Erratum to: CoMEt: a statistical approach to identify combinations of mutually exclusive alterations in cancer

  • Mark D. M. Leiserson1, 2,
  • Hsin-Ta Wu1, 2,
  • Fabio Vandin1, 3 and
  • Benjamin J. Raphael1, 2Email author
Contributed equally
Genome Biology201617:168

https://doi.org/10.1186/s13059-016-1034-9

Received: 28 July 2016

Accepted: 28 July 2016

Published: 2 August 2016

The original article was published in Genome Biology 2015 16:160

Erratum

After the publication of this work [1] it has been brought to our attention that the descriptions of the generation of the two simulated datasets were confusing.

In the section ‘Benchmarking of methods for individual gene sets’, the first sentence of the second paragraph should specify the number of genes included in the gene set as 100, and it should read:

“We compared CoMEt to the other methods on datasets with m = 100 genes and n = 500 samples and with implanted pathways with coverages γ ranging from 0.1 to 1.0.”

In the section ‘Benchmarking identification of collections of gene sets’, the first paragraph should specify that genes mutated in fewer than 1% of total samples (that is in fewer than 5 out of 500 samples) were removed from the simulation, and the sixth sentence in this paragraph should read:

“Third, we include m = 20,000 genes and remove those genes that are mutated in fewer than 1% of total samples (that is in fewer than 5 out of 500 samples) (Additional file 1: Figure S2).”

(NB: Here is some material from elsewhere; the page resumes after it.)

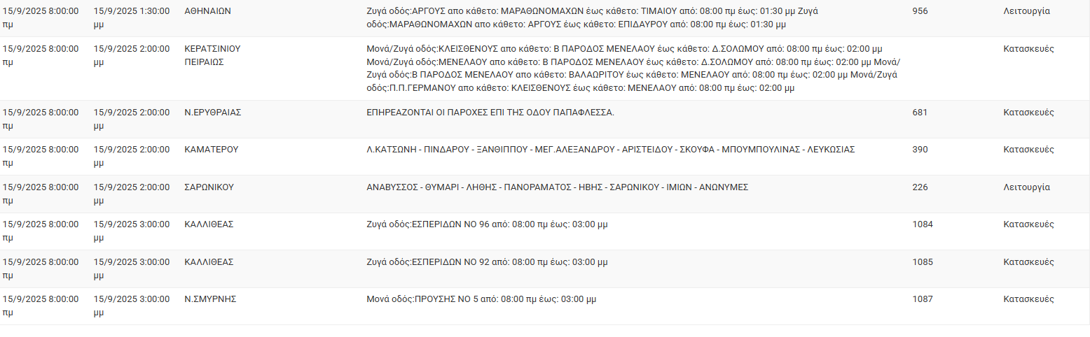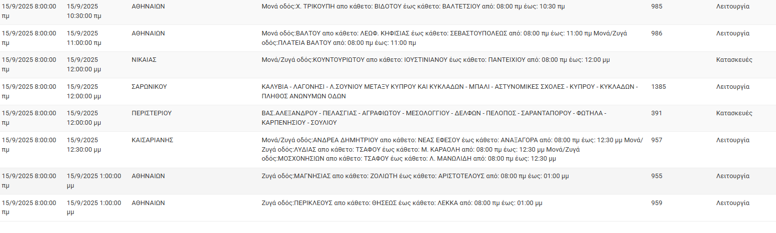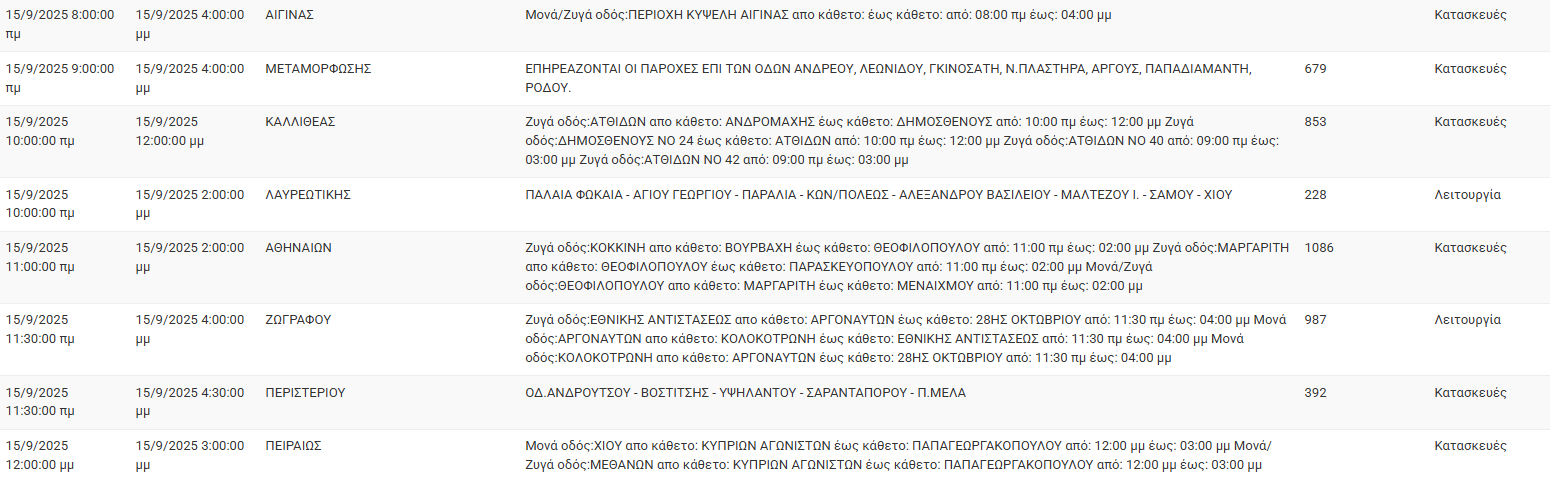 ΔΕΔΔΗΕ: Διακοπές ρεύματος σήμερα (15/9) στην Αθήνα και σε άλλες 14 περιοχές της Αττικής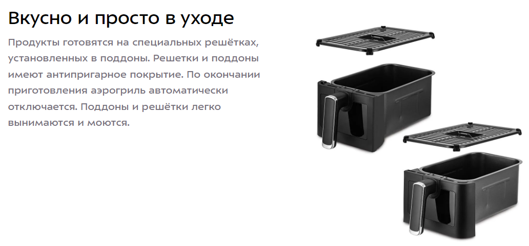 Продукты готовятся на специальных решётках, установленных в поддоны. Решетки и поддоны имеют антипригарное покрытие. По окончании приготовления аэрогриль автоматически отключается. Поддоны и решётки легко вынимаются и моются.

Additionally, these descriptions are also included in the Additional file 1, section S3, and should read:

“We generated two different versions of the simulated datasets, depending on whether we implanted a single or multiple gene sets. We describe the method for generating datasets with multiple implanted gene sets in the main text. For all simulated datasets, we used n = 500, |C| = 5, γ C = (0.67, 0.49, 0.29, 0.29, 0.2), and q = 0.0027538462.1 We used μ P = (0.5, 0.35, 0.15) for the single pathway simulations.”

We also updated the description of our procedure for assessing the convergence of the MCMC algorithm in Additional file 1, section S2, which should read:

“To assess the convergence of the MCMC algorithm, we ran multiple chains with different initializations. For one of these initializations, we used the collection output by Multi-Dendrix [21] (using the same values of the parameters t and k as in CoMEt). The remaining initializations were random collections. We ran the MCMC algorithm with these initializations, running each chain for a given number of iterations. We consider the chains converged if the mean total variation distance between the chains is smaller than 0.005. Otherwise, we increase the number of iterations by a factor of 1.5. We repeat this process until the chains converge or the total number of iterations per chain reaches a maximum number of iterations, which we set as 1 billion. The output of the MCMC algorithm is the union of the sampling distributions from the different initializations.”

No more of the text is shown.